In honour of International Women's Day, the ROM Library and Archives highlights a number of the many women whose work at the ROM made advances in science, art, and museology.
Ella Martin (pictured above)
Ella Martin devoted her life to improving museum education through object based learning and re-shaping visitor experiences by encouraging multi sensory participation. She joined the Royal Ontario Museum’s Division of Public Instruction in 1938 as one of the ROM’s first professional and experienced teachers. Ella Martin developed many educational resources for both children and adults, and taught a variety of extension courses sponsored by the University of Toronto and the ROM. She received fellowships to travel and study abroad including the Adult Education Fellowship (1958), and the Canada Council Fellowship (1961-2). Ella Martin retired from the ROM in 1971. She was a true champion of reform in museum education, and was highly regarded by teachers and students alike.

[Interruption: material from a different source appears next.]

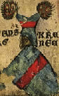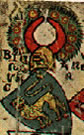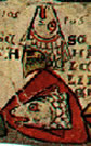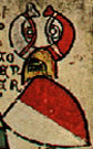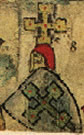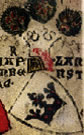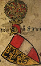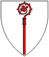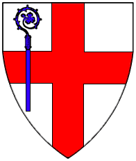 Argent, a cross gules surmounted in dexter by a crozier azure. | WI.. | Wien ? | Strip I back page 2. half | ||

Dorothy Burnham joined the ROM as a draftsman in 1929. When the Department of Textiles was created in 1939, Dorothy Burnham became its first curator. Her first initiative was a major project concerning the history of hand weaving. She left the museum in 1949 to raise her family but returned in 1959 to work part time as a research assistant alongside her husband Harold Burnham. The result of this research was the 1972 publication “Keep Me Warm One Night: Early Handweaving in Eastern Canada.” After the death of Harold in 1973, she returned as a full time associate curator and eventually become curator of the Textiles Department. Dorothy Burnham retired in 1977 but continued her research. In 1983, she received a grant from the Explorations Program of the Canada Council to research the textile traditions of the Doukhobors which resulted in her 1986 publication “Unlike the Lilies: Doukhobor Textiles Tradition in Canada.” She also studied a group of rare painted caribou-skin coats of the Montagnais-Napapi of the Quebec-Labrador area, which were made and worn between 1700 - 190. In 2000, Dorothy Burnham became a Curator Emeritus at the ROM.

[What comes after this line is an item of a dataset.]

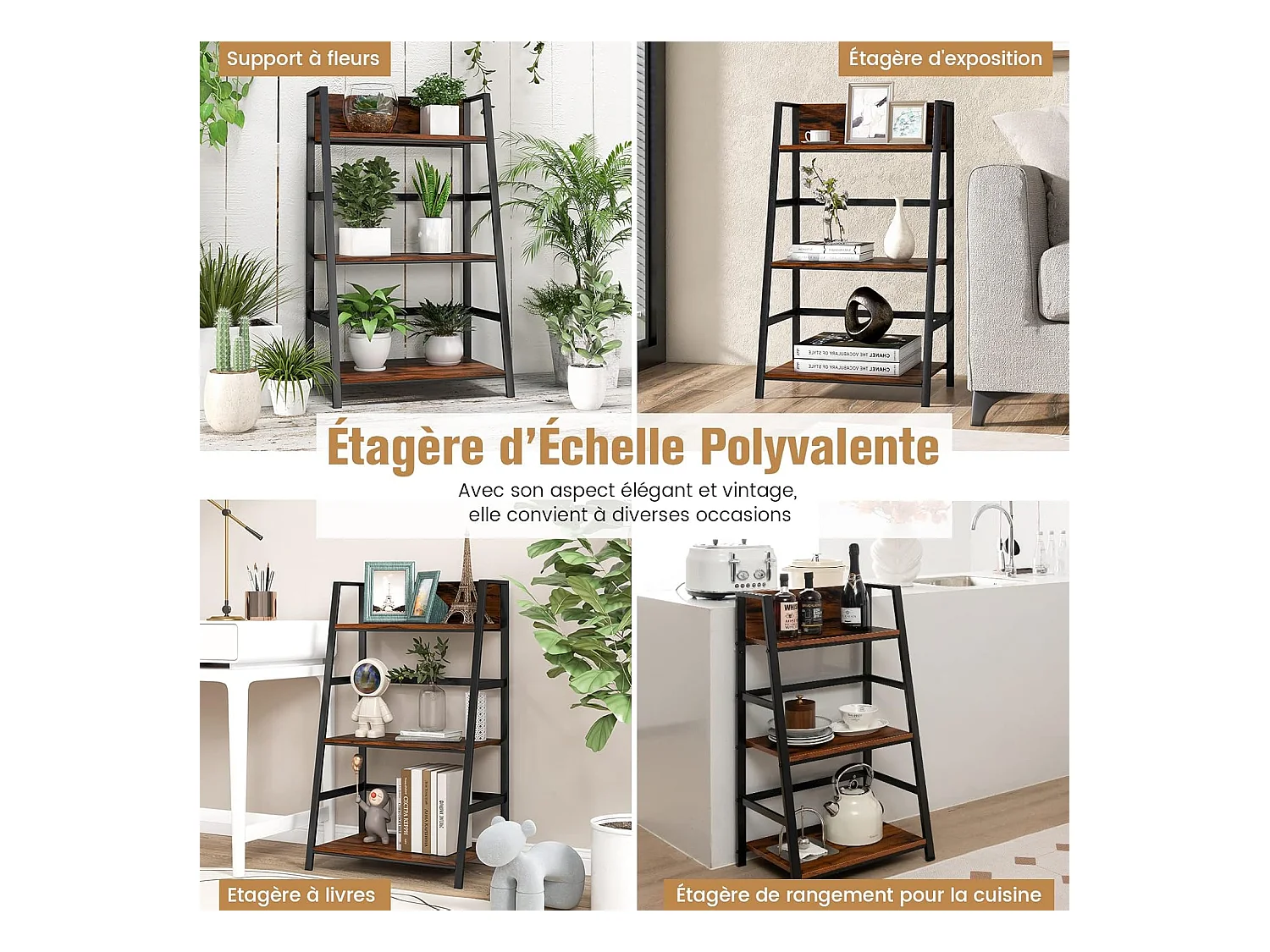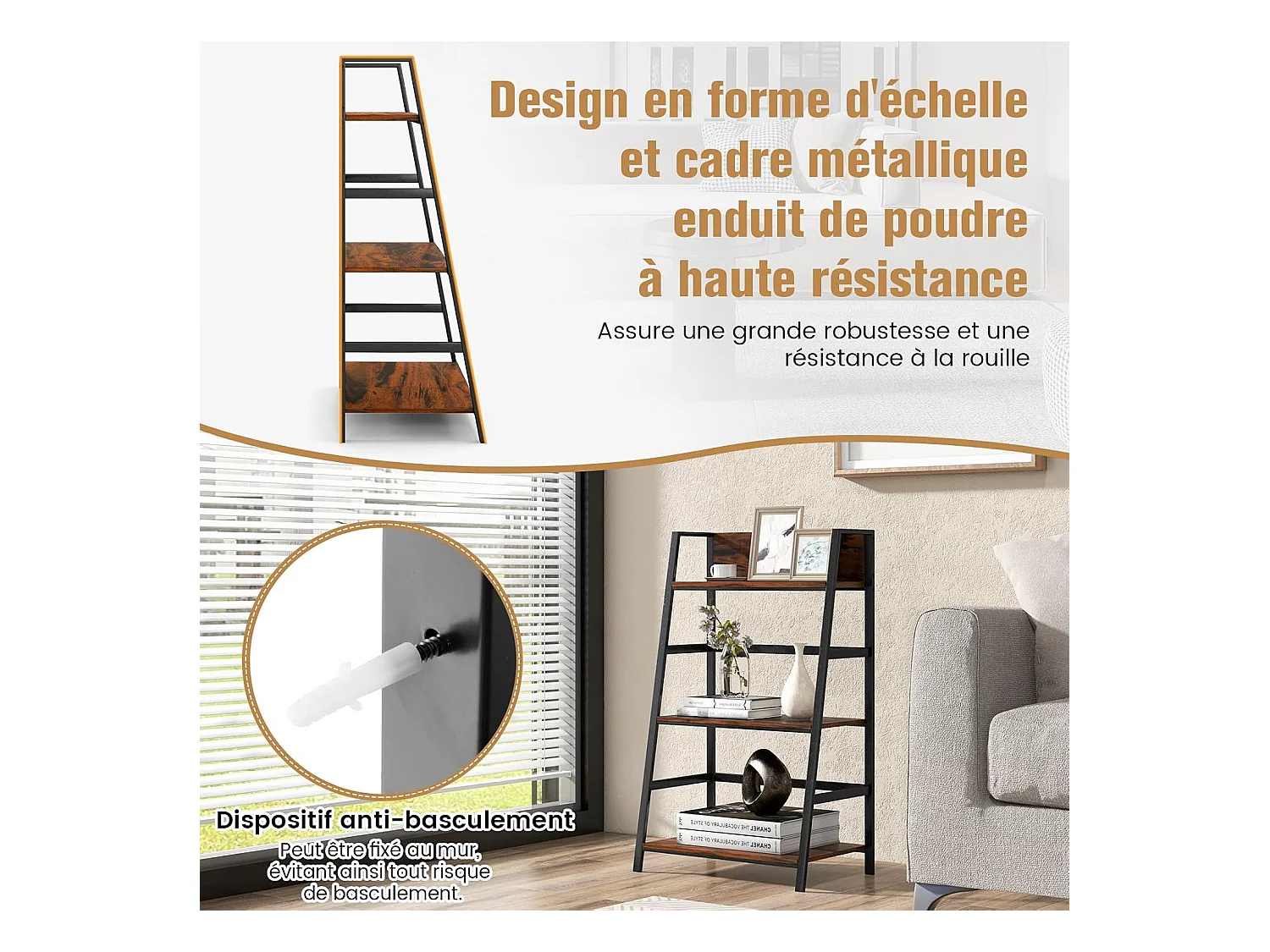 Lot de 2 bibliothèque industrielle à 3 niveaux 54x34x90cm, etagère en bois polyvalente

Sylvia Hahn dedicated the majority of her artistic career to the ROM working as a designer, head of the art department, and keeper of the print collection. She joined the museum’s staff full time in 1937. During her time at the ROM Sylvia Hahn completed identification drawings for the museum’s catalogue, 11 murals, models of jewelry sold in the museum gift shop, a reproduction of a mural that was originally on the wall of an Etruscan tomb, a detailed model of the Acropolis, and a scale model of the statue of Athena Parthenos. A number of her works still remain in the museum today including a mural in the Greece and Roman Gallery, the Acropolis model and the Athena statue. However, her most famous works are the medieval spectator murals, featuring past ROM staff members in the Samuel Hall/Currelly Gallery. Silvia Hahn retired in 1976 after 39 years of service.
Margaret H. Mitchell
Margaret H. Mitchell was an enthusiastic and passionate ornithologist. She was the first female research affiliate of natural history in Canada. Margaret Mitchell joined the ROM as secretary to the head of the Department of Paleontology around 1924. During those early years she struck up friendships with ROM ornithologists L. L. Snyder and L. L. Baillie Jr. Following her marriage in 1927, she gave up her paid position in paleontology and began work as a volunteer in ornithology. Her task was to make sense of the massive amount of data collected by the department through the Passenger Pigeon Inquiry. The result of this work was two ground breaking publications on the passenger pigeon published in 1929 and 1935 respectively. Margaret Mitchell left the ROM when she and her husband moved away from Toronto. Margaret Mitchell went on to publish a number of other papers and monographs on birds before her death in 1988.